I pushed a fix in https://github.com/cvg/pixloc/commit/002c1987d387558ecb4ac53a120973fdf258ce8b Can you please let me know if it solves the issue?

angiend commented 2 years ago

sorry to bother you again.@Skydes i try your method ,change the code as your show. but get an error , ....... Process 1 terminated with the following error: Traceback (most recent call last): File "/home/zhoulw/.local/lib/python3.8/site-packages/torch/multiprocessing/spawn.py", line 59, in _wrap fn(i, args) File "/home/zhoulw/pixloc/pixloc/pixlib/train.py", line 356, in main_worker training(rank, conf, output_dir, args) File "/home/zhoulw/pixloc/pixloc/pixlib/train.py", line 266, in training loss.backward() File "/home/zhoulw/.local/lib/python3.8/site-packages/torch/_tensor.py", line 255, in backward torch.autograd.backward(self, gradient, retain_graph, create_graph, inputs=inputs) File "/home/zhoulw/.local/lib/python3.8/site-packages/torch/autograd/init.py", line 147, in backward Variable._execution_engine.run_backward( File "/home/zhoulw/.local/lib/python3.8/site-packages/torch/autograd/function.py", line 87, in apply return self._forward_cls.backward(self, args) # type: ignore[attr-defined] File "/home/zhoulw/.local/lib/python3.8/site-packages/torch/utils/checkpoint.py", line 138, in backward torch.autograd.backward(outputs_with_grad, args_with_grad) File "/home/zhoulw/.local/lib/python3.8/site-packages/torch/autograd/init.py", line 147, in backward Variable._execution_engine.run_backward( RuntimeError: Expected to mark a variable ready only once. This error is caused by one of the following reasons: 1) Use of a module parameter outside the forward function. Please make sure model parameters are not shared across multiple concurrent forward-backward passes. or try to use _set_static_graph() as a workaround if this module graph does not change during training loop.2) Reused parameters in multiple reentrant backward passes. For example, if you use multiple checkpoint functions to wrap the same part of your model, it would result in the same set of parameters been used by different reentrant backward passes multiple times, and hence marking a variable ready multiple times. DDP does not support such use cases in default. You can try to use _set_static_graph() as a workaround if your module graph does not change over iterations. Parameter at index 36 has been marked as ready twice. This means that multiple autograd engine hooks have fired for this particular parameter during this iteration. You can set the environment variable TORCH_DISTRIBUTED_DEBUG to either INFO or DETAIL to print parameter names for further debugging log-distributed.txt

sarlinpe commented 2 years ago

Apologies for the late reply. From the logs

UserWarning: Error detected in torch::autograd::AccumulateGrad. No forward pass information available. Enable detect anomaly during forward pass for more information. (Triggered internally at ../torch/csrc/autograd/python_anomaly_mode.cpp:85.)

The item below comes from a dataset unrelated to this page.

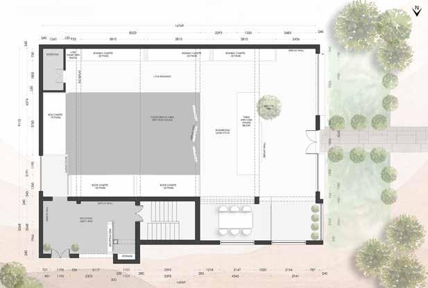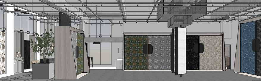 The showroom has two stories, with the ground floor being double height with exposed concrete beams and columns. Cable tray was used as a fasle ceiling with a grid design, each place was created for a certain display of tile, and tile itself was used as a material.
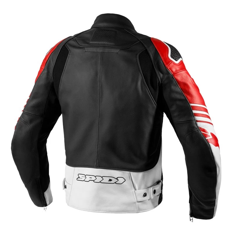 SPIDI Track Warrior è la giacca da moto in pelle per motociclisti sportivi che desiderano la migliore protezione, senza dover indossare una tuta intera. Track Warrior è certificata CE prEN 17092-2:2017 in classe A con scudi Warrior esterni su spalle, oltre a protezioni interne Warrior Lite (EN 1621-1 livello 1) sulle spalle ed a protezioni Force-Tech (EN 1621 -1: 2012) sui gomiti. Per una protezione aggiuntiva, è possibile inserire il paraschiena Warrior livello 1 o 2, oltre alla protezione toracica Warrior Chest, vendute separatamente. Il telaio principale di SPIDI Track Warrior è in pelle bovina da 1,1 a 1,2 mm di spessore, con sezioni elasticizzate in Flex Tenax e Nylon 6.6 ad alta tenacità.

Can you try to enable anomaly detection? Does this always happen at the first iteration?

rann1018 commented 2 years ago

Hi @Skydes and @angiend,

I came across the same problem when adapting multi-gpu training. I have set: torch.autograd.set_detect_anomaly(True) but it cannot solve the problem.

Have you solved this issue? Looking forward to your reply.